[Work task]
Leaving out the pictures, return each line of the entries from the first through the line with "A group of colorful", and only those lines.

Material for this exercise START

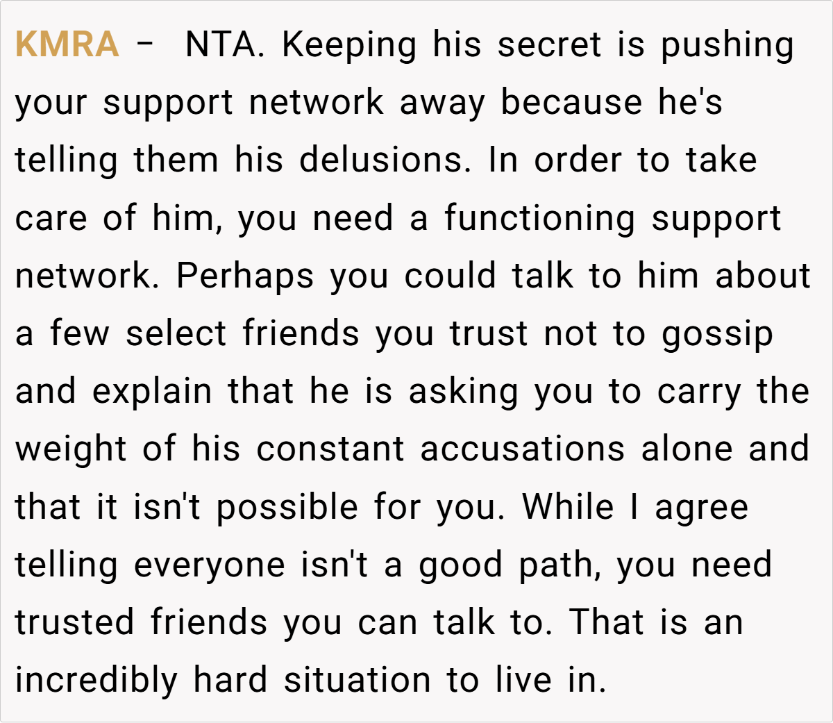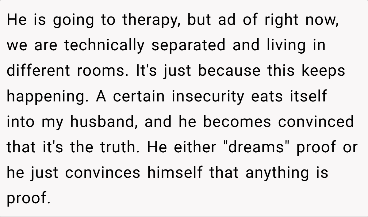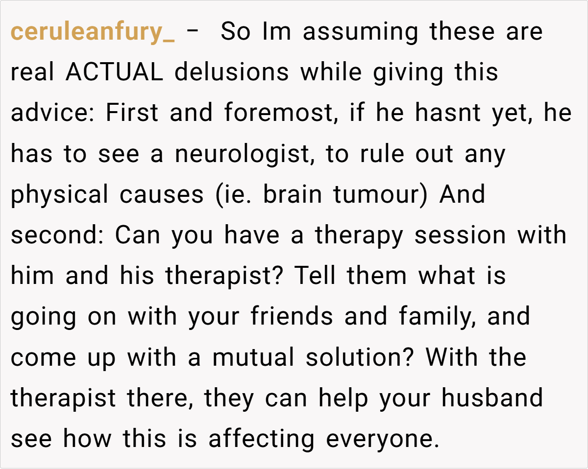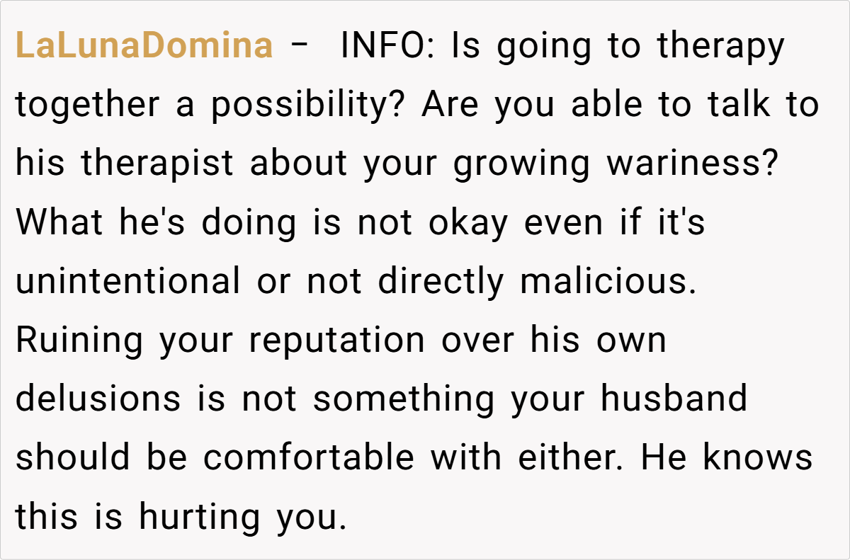 Analyzing the situation, it’s clear that the husband’s recurring episodes—where he fabricates evidence of infidelity—are not merely random misinterpretations but signs of deeper psychological issues. His therapy may be addressing these delusions, yet the consistent pattern of mistrust is taking its toll on their family dynamic. The impact on mutual friends and even their daughter underscores a cascading effect of these misdirected beliefs, leaving the woman feeling increasingly isolated and overwhelmed by responsibility.
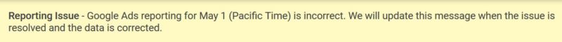Current status: Data through April 30 is now corrected. Google says it is still working on correcting reporting from 12:01am on May 1 to 4:00am May 2 (PDT).
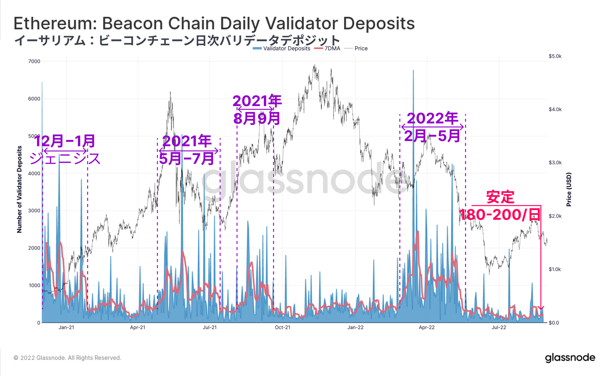 平均より高い預入金流入が顕著な期間が4回あり、3回は2020-21年の強気相場、直近は2022年2-5月である。トークン価格と信頼性に対し市場全体にマイナスの影響を与えたLUNA-USTプロジェクトの崩壊後、預入金は減速している。
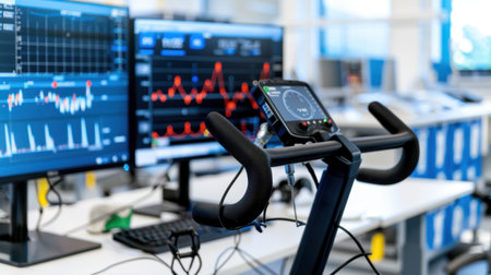 A sleek exercise bike positioned in a contemporary fitness lab, surrounded by high-tech screens displaying performance data and analytics charts.
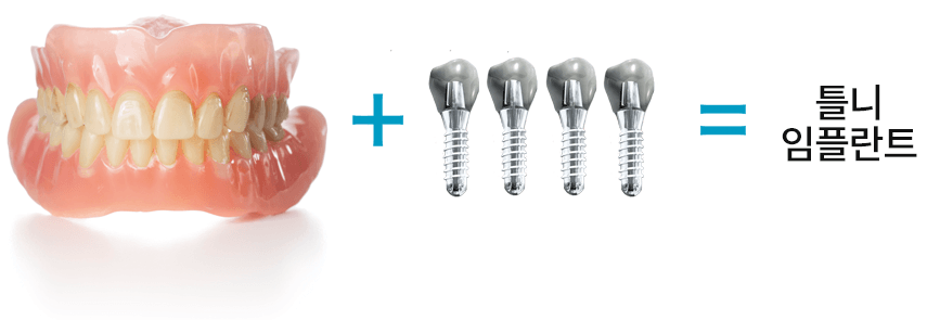 틀니임플란트는 4~8개 정도의 임플란트만 심고 그 위에 틀니를 올려서 고정하는 방법입니다.
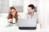 kobieta zakochana ciekawie słuchając jej człowiekowi mówić
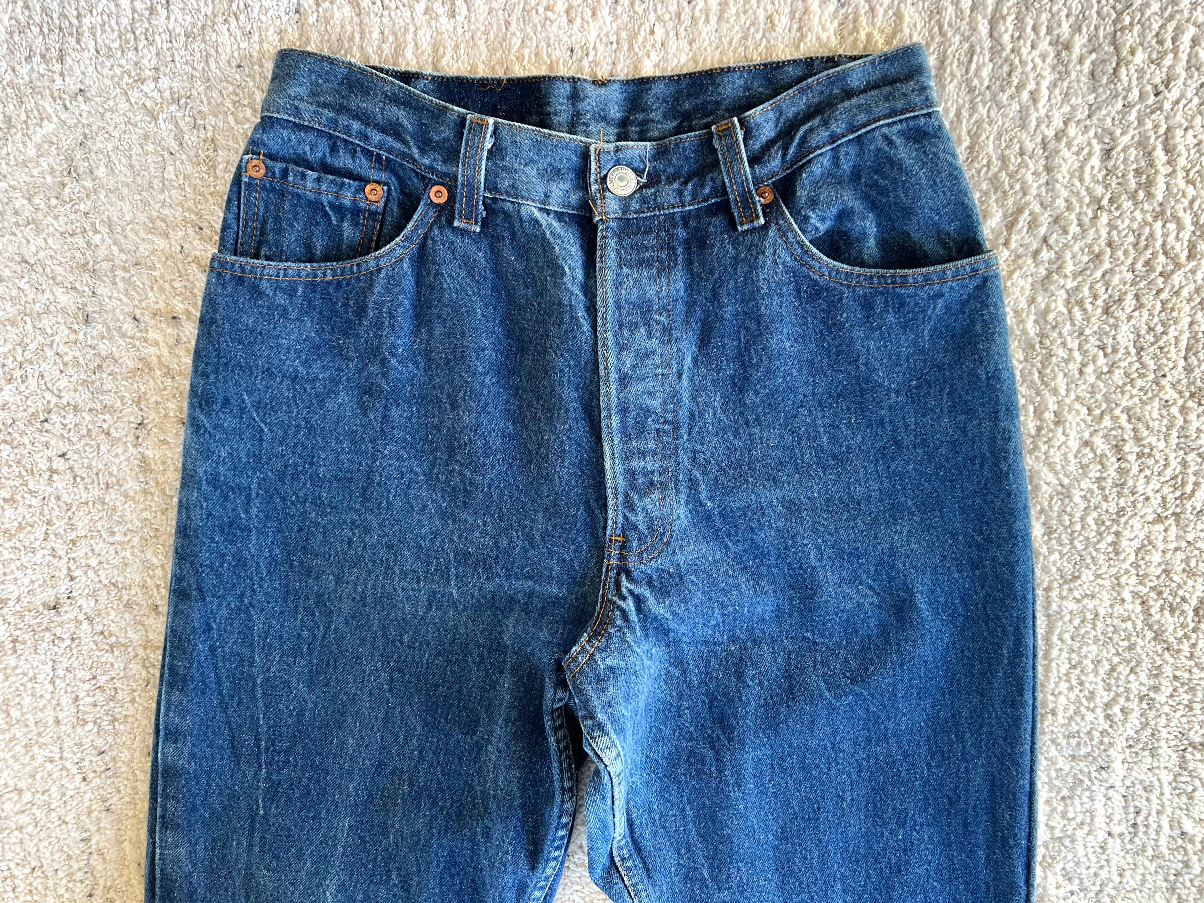 縦に入ったセンターの色落ちもかっこよく、通常の501より6つとボタンフライが一つ多くハイウエストに。
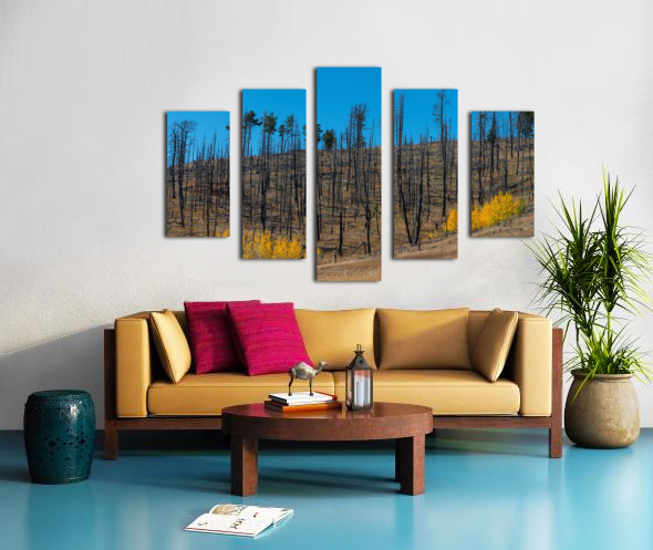 A group of colorful Aspen trees at the base of the old CalWood wildfire burn out area. Evolution of a forest slowly coming back.
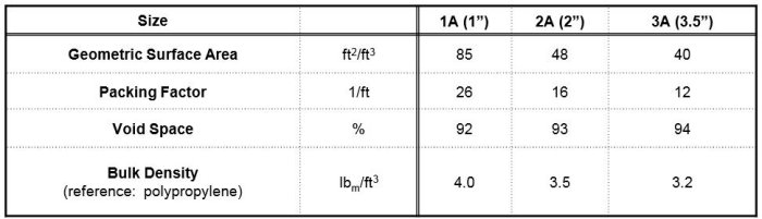High-performance random packing. As such, this packing supports high transfer rates, excellent gas and liquid dispersion characteristics, and good fouling resistance. General purpose, high-performance, free-flowing random packing for scrubber, stripper\ biological and other packed applications. Low Profile Rings (LPRs) are an innovative, hi-performance random packing. Available in a full spectrum of thermoplastics such as polypropylene, polyethylene, PVDF, CPC, ETFE, glass filled polypropylene and others, they offer high mass transfer rates, excellent gas and liquid dispersion characteristics, and superior fouling resistance. Their rounded shape excels in handling and ease of installation, resists nesting and settling and makes removal easy.
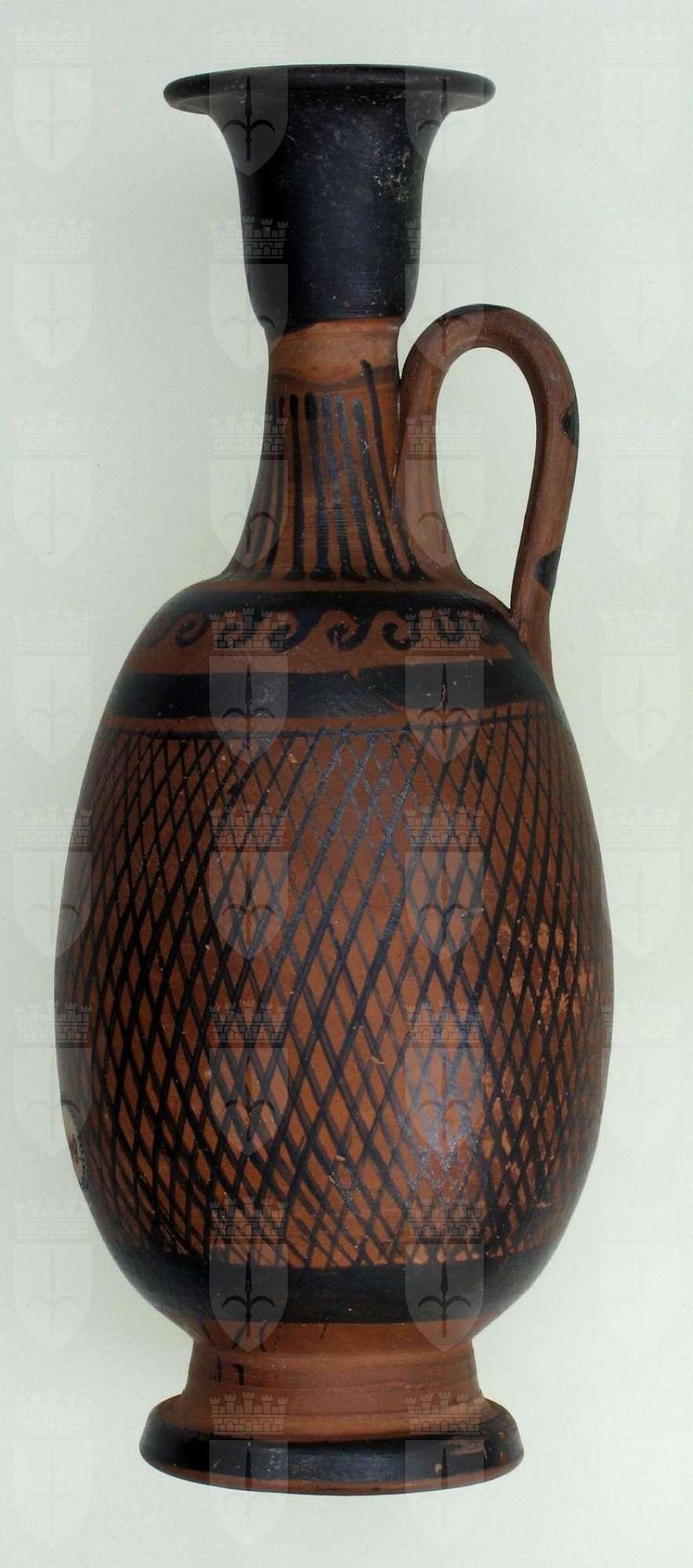 Lekythos apula con decorazione a reticolato nero e onda corrente sul collo.

Material for this exercise END

[Answer section]
 Analyzing the situation, it’s clear that the husband’s recurring episodes—where he fabricates evidence of infidelity—are not merely random misinterpretations but signs of deeper psychological issues. His therapy may be addressing these delusions, yet the consistent pattern of mistrust is taking its toll on their family dynamic. The impact on mutual friends and even their daughter underscores a cascading effect of these misdirected beliefs, leaving the woman feeling increasingly isolated and overwhelmed by responsibility.
Current status: Data through April 30 is now corrected. Google says it is still working on correcting reporting from 12:01am on May 1 to 4:00am May 2 (PDT).
 平均より高い預入金流入が顕著な期間が4回あり、3回は2020-21年の強気相場、直近は2022年2-5月である。トークン価格と信頼性に対し市場全体にマイナスの影響を与えたLUNA-USTプロジェクトの崩壊後、預入金は減速している。
 A sleek exercise bike positioned in a contemporary fitness lab, surrounded by high-tech screens displaying performance data and analytics charts.
 틀니임플란트는 4~8개 정도의 임플란트만 심고 그 위에 틀니를 올려서 고정하는 방법입니다.
 kobieta zakochana ciekawie słuchając jej człowiekowi mówić
 縦に入ったセンターの色落ちもかっこよく、通常の501より6つとボタンフライが一つ多くハイウエストに。
 A group of colorful Aspen trees at the base of the old CalWood wildfire burn out area. Evolution of a forest slowly coming back.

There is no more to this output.